After evaluating the characteristic variations of the eight compounds in the HPLC profiles of the different extracts, compounds 1, 2, and 7 were selected for quantitative analysis. Compounds 1, 2, and 7 that were isolated from the crude extracts of PHT were used as standards, and after being filtered through a 0.45-µm membrane filter (Whatman, Wallingford, UK), calibration curves were generated from serial dilutions of the three individual compounds by plotting the concentration of each sample against its HPLC peak area obtaining the slope (s), standard deviation (σ), and correlation coefficient (R²) of each curve. Subsequently, the three individual compounds were quantified (mg/g extract) in the FDS, FDS, ADL, and ADS extracts using the regression equations of the corresponding standard curves, and validation of the quantification method was conducted, according to the International Conference of Harmonization (ICH)-Q2 guidelines [14].

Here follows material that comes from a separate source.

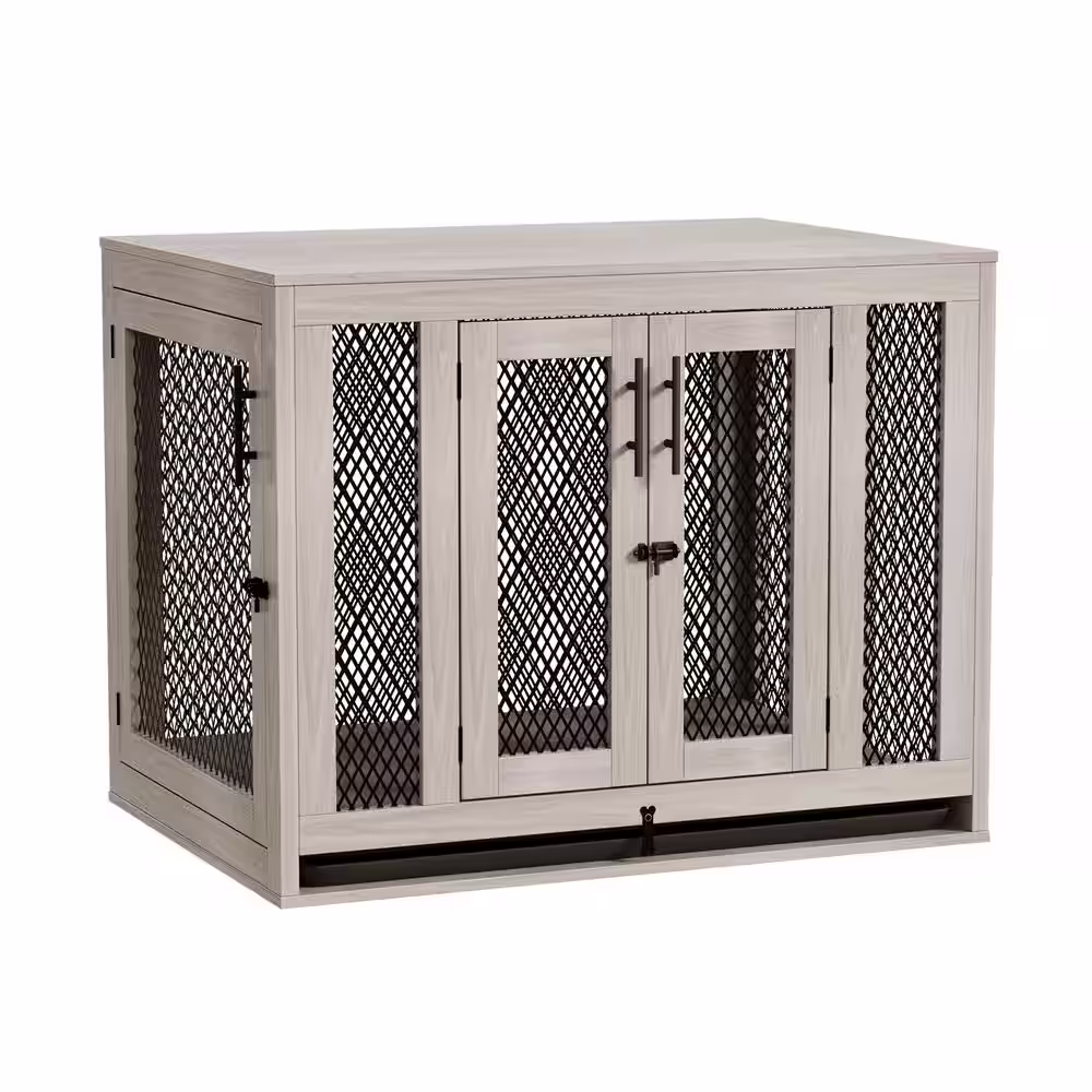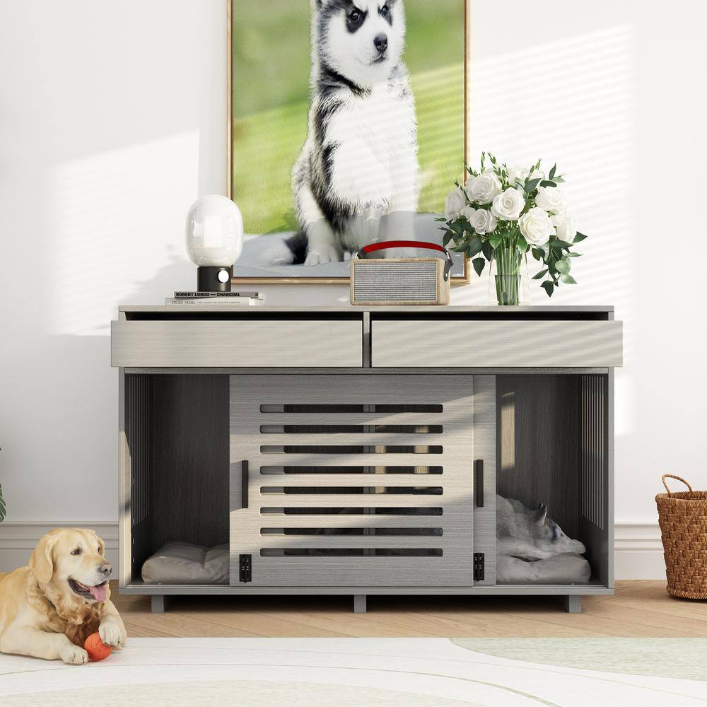 None Indoor Heavy-Duty Dog Cage, Dog House Furniture with Cushion Large Wooden Dog Kennel for Large Medium Small Dogs in Gray

DPPH radical scavenging activity

The DPPH radical scavenging activity of the samples was determined by measuring the decolorization of DPPH from the trapping of its unpaired electron, using the procedure described by Kang et al. [15], with slight modifications. Briefly, 190 µL fresh DPPH radical solution in MeOH (150 µM) was added to 10 µL of each sample and incubated for 40 min at room temperature. The amount of DPPH radical remaining was then determined by measuring the solution’s absorbance at 517 nm with a model 680 Microplate reader (Bio-Rad, Inc., Hercules, CA, USA). The antioxidant butylated hydroxytoluene (BHT) and l-ascorbic acid were used as positive controls The DPPH radical scavenging activity was expressed as the percent of starting DPPH radical that was scavenged: \({\text{DPPH}}\;{\text{radical}}\;{\text{scavenging}}\;{\text{activity}}\left( \% \right) = 100\% \times \left( { 1- {\text{absorbance}}\;{\text{of}}\;{\text{sample}}/{\text{absorbance}}\;{\text{of}}\;{\text{MeOH}}\;{\text{control}}} \right).\)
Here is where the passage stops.